AgriTransformer: A Transformer-Based Model with Attention Mechanisms for Enhanced Multimodal Crop Yield Prediction
Luis-Roberto Jácome-Galarza, Miguel Realpe, Marlon Santiago Viñán-Ludeña, Fernanda Calderón, Silvia Alexandra Jaramillo Luzuriaga
Abstract
A more accurate crop yield estimation is essential for optimizing agricultural productivity and resource management.
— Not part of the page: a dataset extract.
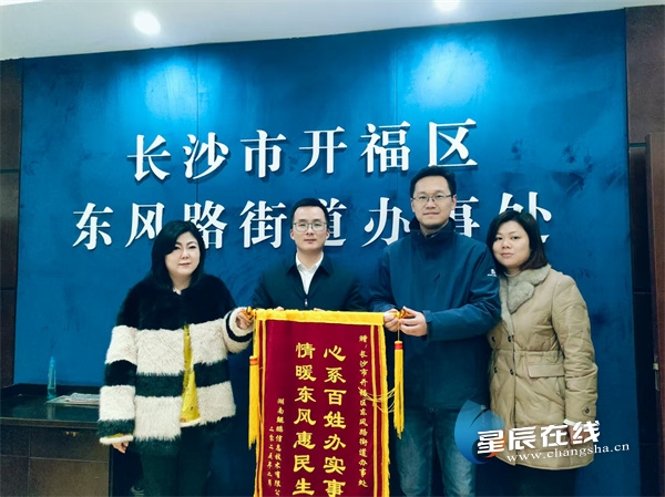 (公司为街道送来锦旗,感谢街道对公司成立所做出的真诚服务。图片由 东风路街道 提供)

Traditional machine learning models, such as linear regression and convolutional neural networks (CNNs), often struggle to integrate multimodal data sources effectively, limiting their predictive accuracy. In this study, we propose the AgriTransformer model, a transformer-based model that enhances crop yield prediction by leveraging attention mechanisms for multimodal data fusion. The AgriTransformer model incorporates tabular agricultural data and vegetation indices (VI), allowing dynamic feature interaction and improved interpretability. Experimental results have demonstrated that AgriTransformer significantly outperforms conventional approaches, achieving an R2 of 0.919, compared to 0.884 for the best-performing linear regression model. The findings highlight the importance of structured tabular data in yield estimation, while VI serves as a complementary feature that increases the prediction capability and confidence. This study highlights the potential of transformer-based architectures in precision agriculture, offering a scalable and adaptable framework for crop yield forecasting. The AgriTransformer model enhances predictive accuracy and generalization across diverse agricultural conditions by prioritizing relevant features through attention mechanisms.